Some programming languages (or compilers for them) provide a built-in (primitive) or library **decimal data type ** to represent non-repeating decimal fractions like 0.3 and -1.17 without rounding, and to do arithmetic on them. Examples are the `decimal.Decimal`

type of Python, and analogous types provided by other languages.

Fractional numbers are supported on most programming languages as floating-point numbers or fixed-point numbers. However, such representations typically restrict the denominator to a power of two. Most decimal fractions (or most fractions in general) cannot be represented exactly as a fraction with a denominator that is a power of two. For example, the simple decimal fraction 0.3 (3/10) might be represented as 5404319552844595/18014398509481984 (0.299999999999999988897769...). This inexactness causes many problems that are familiar to experienced programmers. For example, the expression `0.1 * 7 == 0.7`

might counterintuitively evaluate to false in some systems, due to the inexactness of the representation of decimals.

Although all decimal fractions are fractions, and thus it is possible to use a rational data type to represent it exactly, it may be more convenient in many situations to consider only non-repeating decimal fractions (fractions whose denominator is a power of ten).

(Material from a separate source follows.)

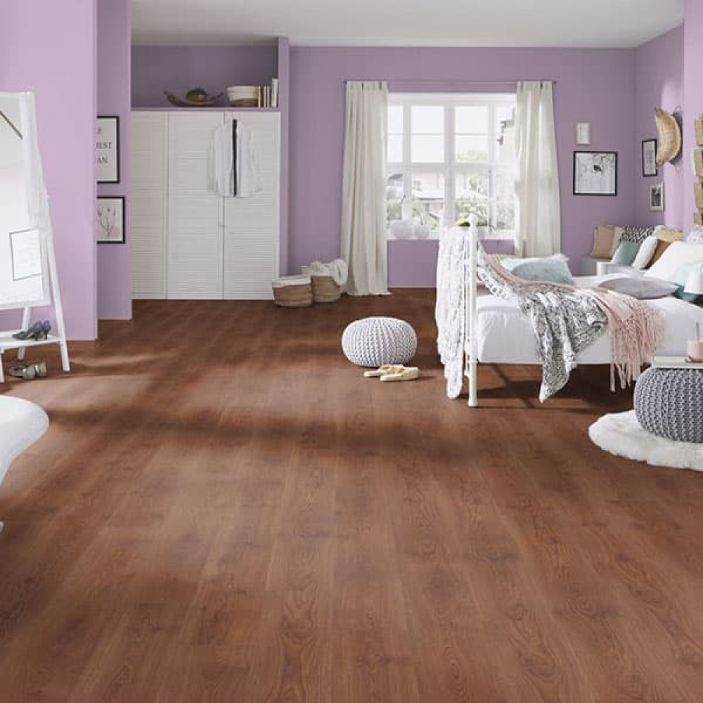 Белорусская компания Kronospan представляет вниманию покупателей новую коллекцию ламината - Castello classic. Castello classic – прочное покрытие для пола, при бытовой эксплуатации срок службы ламината составляет примерно 12-15 лет. Особенный шарм ламинату придает рельефная поверхность, позволяющая создать презентабельное покрытие для пола. Покрытие для пола 32 класса прочности имеет толщину 8 миллиметров и специальный замок Twin Click, сборно-разборного характера, который позволяет быстро произвести сборку ламината. Благодаря плотности основания плиты, замки прослужат максимально долго. Kronospan castello classic – это превосходный ламинат, с повышенной истираемостью поверхности AC4. Ламинат Кроношпан коллекции Castello classic соответствует стандартам качества и не уступает по качеству импортным образцам ламината. Завод Kronospan выпускает экологичную продукцию класса премиум по доступной цене.

For example, fractional units of currency worldwide are mostly based on a denominator that is a power of ten. Also, most fractional measurements in science are reported as decimal fractions, as opposed to fractions with any other system of denominators.

A decimal data type could be implemented as either a floating-point number or as a fixed-point number. In the fixed-point case, the denominator would be set to a fixed power of ten. In the floating-point case, a variable exponent would represent the power of ten to which the mantissa of the number is multiplied.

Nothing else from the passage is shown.